Using an assortment of records--including court and census records, tax digests, slave censuses and newspaper accounts--Dyer paints a dramatic picture of the lives of the Stones and the small but significant minority of fellow Unionists living in Confederate Atlanta.

"To Tom's credit, it's not just identifying her and her husband, it's reconstructing this entire Unionist community in Atlanta," says John Inscoe, history professor and editor of the Georgia Historical Quarterly, which published an earlier article by Dyer on the research. "In many ways, it's a community study of a completely lost community."

Secret Yankees places Dyer on the cusp of trends in Civil War history, focusing on Unionists in the South. Dyer also has an essay on Unionists in a collection being edited by Inscoe.

"I grew up in a family with a terrific emphasis on history. My father's family was Confederate, and my mother's was Union. We had a lot of interesting family discussions," Dyer says. "I'm interested in people whose views are askew from the dominant majority."

Her fervent patriotism in a city Dyer thought to be resolutely Confederate sparked his fascination with "Miss Abby."

"I didn't see how someone could have survived in that climate. At that time, my view of Confederate Atlanta was derived from celluloid and fiction," Dyer says. "The idea that there was a significant Union minority was new to me and that really interested me. I found that some of the wealthiest, some of the most powerful people in Atlanta were Unionists."

Beyond the intriguing story, the book examines the nature of loyalty.

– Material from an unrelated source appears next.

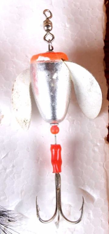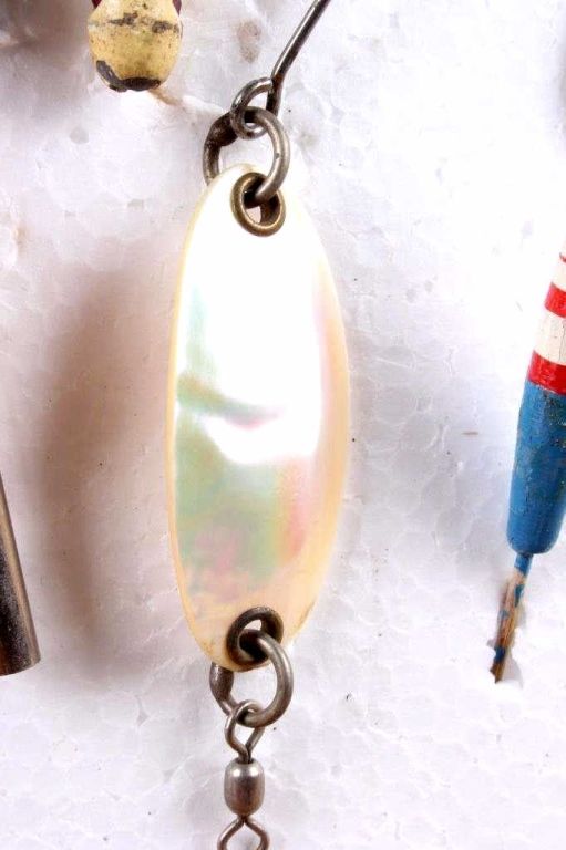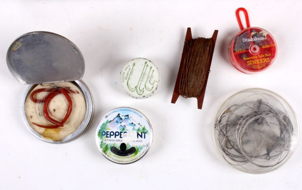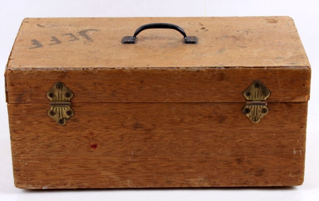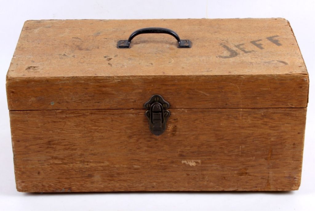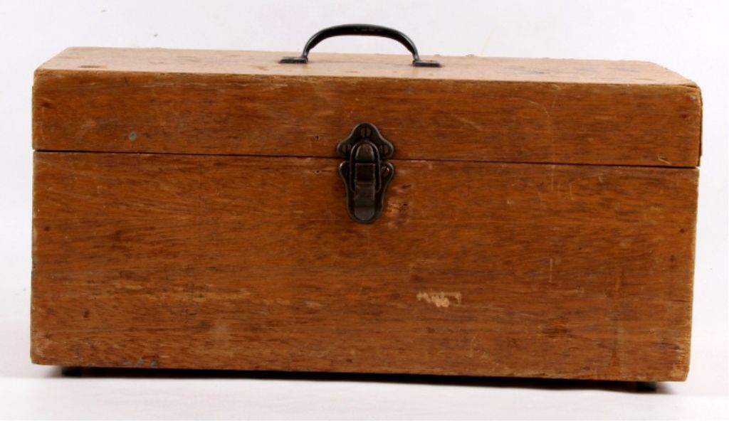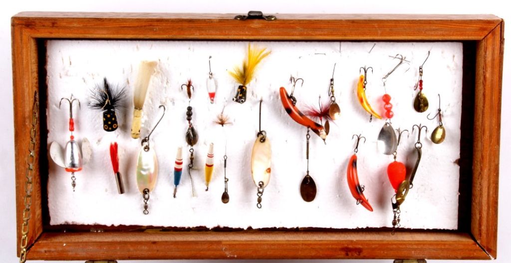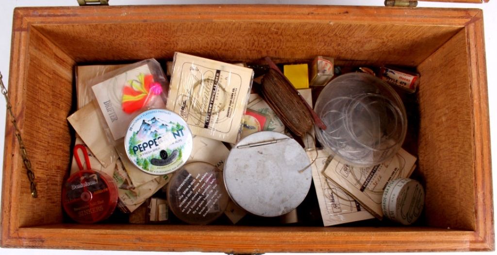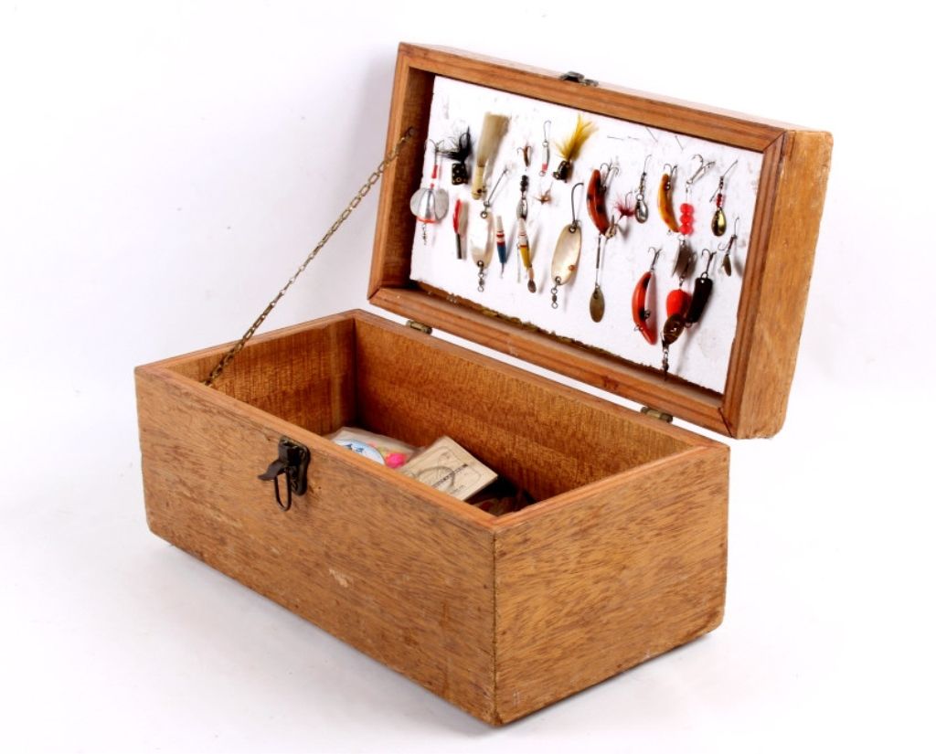 This tackle box is a custom handmade piece with many fishing supplies included. Made of solid wood. The tackle box includes fishing gear from tackle to line and weights. Measures 8.75"x18"x9".

"It's a story, first and foremost, but it's also about loyalty and what loyalty is, particularly in times of profound human stress," Dyer says.

"That is one thing Tom does well with this book: he spent a lot of time thinking about the nature of loyalty and patriotism--what it means to be a nation and what it means when a nation is jerked out from under you," Inscoe says. "That's what a good historian does. He takes a good story and makes it meaningful, interprets it and speaks to bigger issues."

F.N. Boney, history professor emeritus at UGA and a scholar of the Confederacy, calls Dyer's work "a first-rate study. "It is fascinating on two levels," Boney says. "Cyrena and Amherst Stone are complex, real-life characters caught in the chaos of Atlanta."

Dyer's detective work has revealed some engrossing characters among the Unionists--including a widowed seamstress who helped a Union spy move in and out of the city by furnishing him with dresses and gray jeans.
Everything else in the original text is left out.